Partner Patricia Allan-Burns

Queer Places:
6 Hawthorns, Parkside, Vicerons Place, Bishop’s Stortford CM23 4QT
Bishop's Stortford Old Cemetery Bishops Stortford, East Hertfordshire District, Hertfordshire, England

Eliot Bliss (12 June 1903 – 10 December 1990)[1][2] was a Jamaican-born English novelist and poet of Anglo-Irish descent, whose literary friendships encompassed Anna Wickham, Dorothy Richardson, Jean Rhys, Romer Wilson and Vita Sackville-West.[3]

Born Eileen Norah Lees Bliss at a Jamaican army garrison, she was the daughter of Captain John Plomer Bliss and his wife Eva Lees.[4] Bliss was educated at a number of British convent schools. Her brother John was sent to school in England at the same time.[4] She returned in 1923 to Jamaica for two years, a period that would provide inspiration for her second and last novel.
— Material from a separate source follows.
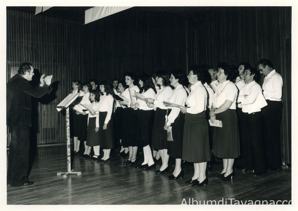 Concerto di vari gruppi corali. Il coro di Colugna, diretto da Don Pasquale Pressacco, sul palco dell’auditorium.

She then settled permanently in England and gained a diploma in journalism from University College, London. In 1925 she renamed herself Eliot as a mark of her respect for George Eliot and T. S. Eliot.[4] Over subsequent years Bliss held various jobs in publishing and made friends with other women writers, notably fellow novelists Romer Wilson, who gave her financial support while she wrote her first novel, and Vita Sackville-West.[3] Her relations with the Australian-born poet Anna Wickham are said to have been intimate.[5] She lived for over half a century with her companion, Patricia Allan-Burns (died October 2, 2011), an artist, in Bishop's Stortford, Hertfordshire, where she died in 1990. Allan-Burns disposed of her literary estate, the Bliss Collections, in three stages to the McFarlin Library at the University of Tulsa.[5] Bliss left daily diaries in 19 volumes covering January 1959 – December 1960 and January 1963 – August 1980. Prominent authors in her personal library, also held at the McFarlin Library, include Jean Rhys, Radclyffe Hall and Emily Dickinson.[5]